Risk-Adjusted Performance

Soft

 
Weak
 
Strong
Compared to the overall equity markets, risk-adjusted returns on investments in Soho House Co are ranked lower than 3 (%) of all global equities and portfolios over the last 90 days. In spite of very healthy fundamental indicators, Soho House is not utilizing all of its potentials. The current stock price disarray, may contribute to short-term losses for the investors.
TripAdvisor 

Risk-Adjusted Performance

Weakest

 
Weak
 
Strong
Over the last 90 days TripAdvisor has generated negative risk-adjusted returns adding no value to investors with long positions. Even with abnormal performance in the last few months, the Stock's forward indicators remain relatively invariable which may send shares a bit higher in January 2026. The latest agitation may also be a sign of long-running up-swing for the enterprise retail investors.

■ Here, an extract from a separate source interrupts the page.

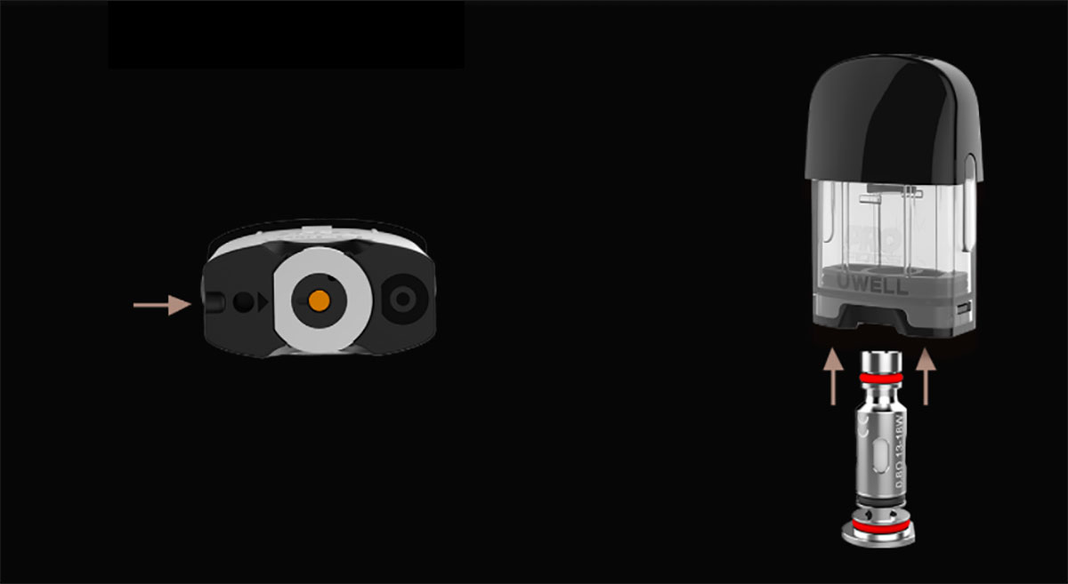 Kartuşlar, doldurabilmeniz için aynı çıtçıtlı üst ağızlığa sahiptir ve doldurma sırasında havanın çıkmasına izin vermek için küçük bir delik vardır. Doldurma deliğinde, taşmayı ve sızıntıları azaltmak için bir silikon bağlantı noktası bulunur. Bölme şeffaf olduğundan sıvı seviyenizi kolayca görebilirsiniz. Ana cihaza bir tıklama ile yerinde güzel bir şekilde bağlanır, mıknatıs kullanılmaz. Orijinal Caliburn/KoKo kartuşlarından farklıdır, daha yuvarlak şekillidir ve biraz daha kalındır ancak yine de rahattır. Likit seviyesi pencereleri de biraz daha geniş.

Soho House and TripAdvisor Volatility Contrast

   Predicted Return Density   
       Returns  

Pair Trading with Soho House and TripAdvisor

The main advantage of trading using opposite Soho House and TripAdvisor positions is that it hedges away some unsystematic risk. Because of two separate transactions, even if Soho House position performs unexpectedly, TripAdvisor can make up some of the losses. Pair trading also minimizes risk from directional movements in the market. For example, if an entire industry or sector drops because of unexpected headlines, the short position in TripAdvisor will offset losses from the drop in TripAdvisor's long position.
The idea behind Soho House Co and TripAdvisor pairs trading is to make the combined position market-neutral, meaning the overall market's direction will not affect its win or loss (or potential downside or upside). This can be achieved by designing a pairs trade with two highly correlated stocks or equities that operate in a similar space or sector, making it possible to obtain profits through simple and relatively low-risk investment.
Check out your portfolio center.
Note that this page's information should be used as a complementary analysis to find the right mix of equity instruments to add to your existing portfolios or create a brand new portfolio. You can also try the Crypto Correlations module to use cryptocurrency correlation module to diversify your cryptocurrency portfolio across multiple coins.